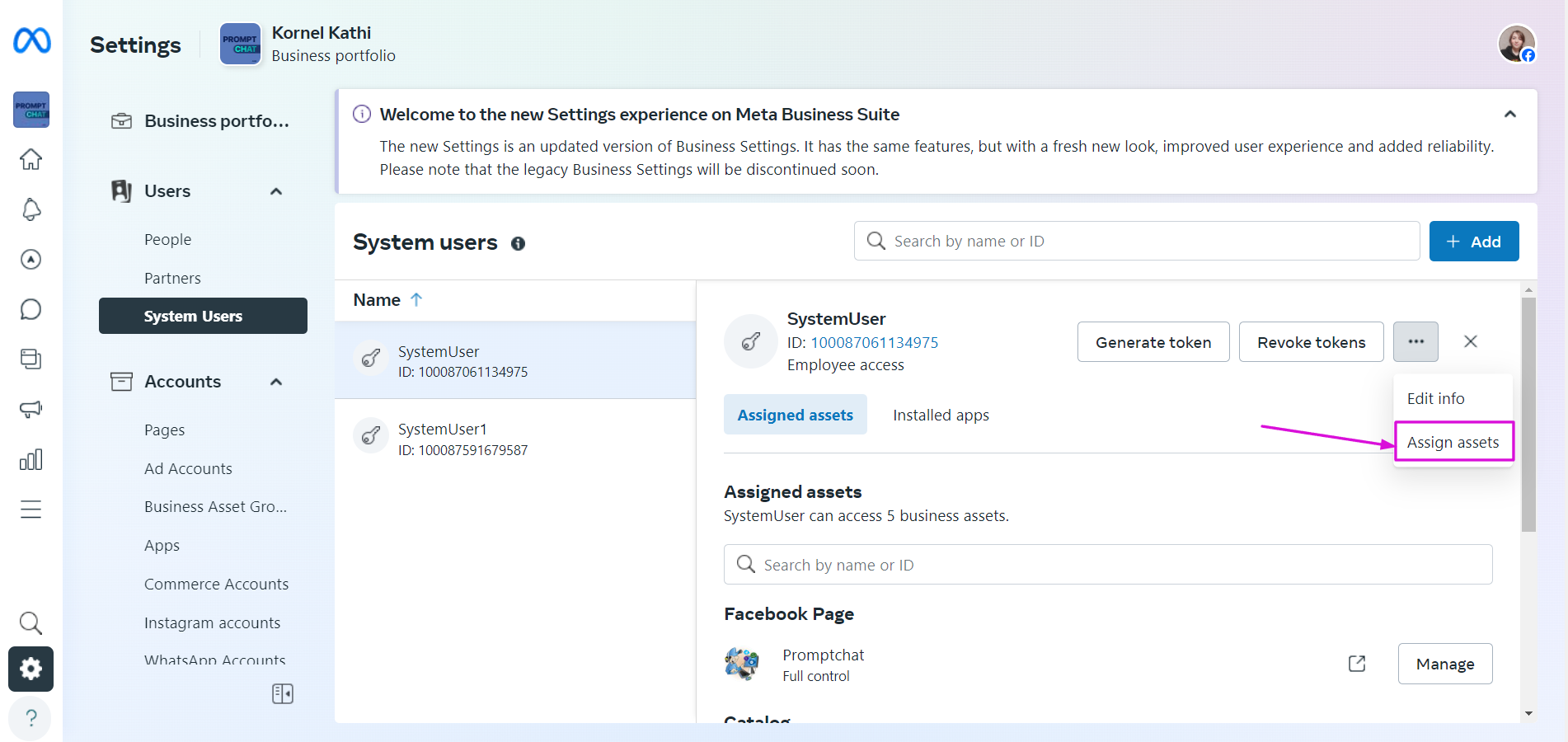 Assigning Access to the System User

------------------------

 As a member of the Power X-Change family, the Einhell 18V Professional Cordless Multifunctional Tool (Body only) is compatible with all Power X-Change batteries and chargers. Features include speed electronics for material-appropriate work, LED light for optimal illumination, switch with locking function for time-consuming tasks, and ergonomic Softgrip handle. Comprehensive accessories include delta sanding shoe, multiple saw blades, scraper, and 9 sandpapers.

------------------------

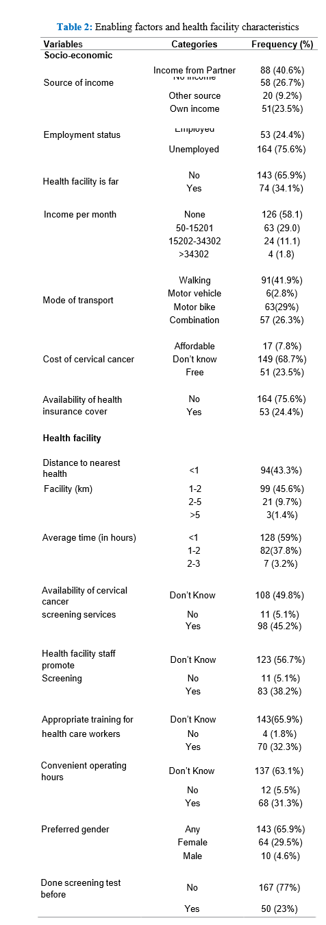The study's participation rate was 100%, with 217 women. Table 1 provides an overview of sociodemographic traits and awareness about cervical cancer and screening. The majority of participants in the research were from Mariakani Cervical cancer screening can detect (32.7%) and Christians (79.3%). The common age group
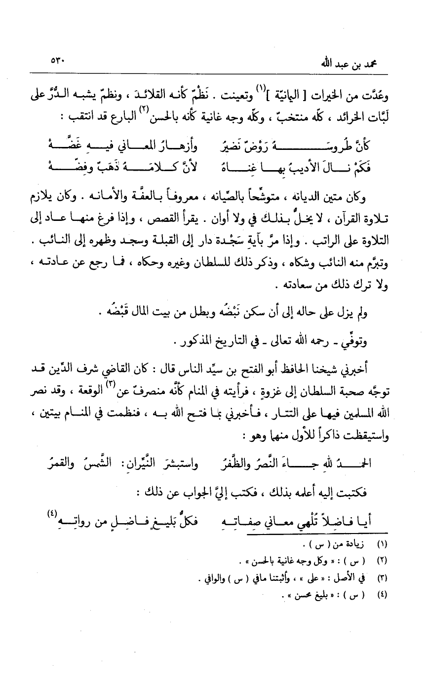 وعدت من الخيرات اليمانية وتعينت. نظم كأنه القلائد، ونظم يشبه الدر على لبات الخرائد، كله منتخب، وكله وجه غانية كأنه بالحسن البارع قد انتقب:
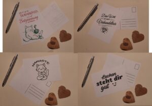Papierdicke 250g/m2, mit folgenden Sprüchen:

------------------------

- **Exercise details**
Within the entries above, the lines from the one containing "وعدت من الخيرات" through the one containing "Papierdicke 250g/m2, mit" are to be transcribed exactly, ends included, pictures excluded.

- **Exercise answer**
 وعدت من الخيرات اليمانية وتعينت. نظم كأنه القلائد، ونظم يشبه الدر على لبات الخرائد، كله منتخب، وكله وجه غانية كأنه بالحسن البارع قد انتقب:
Papierdicke 250g/m2, mit folgenden Sprüchen:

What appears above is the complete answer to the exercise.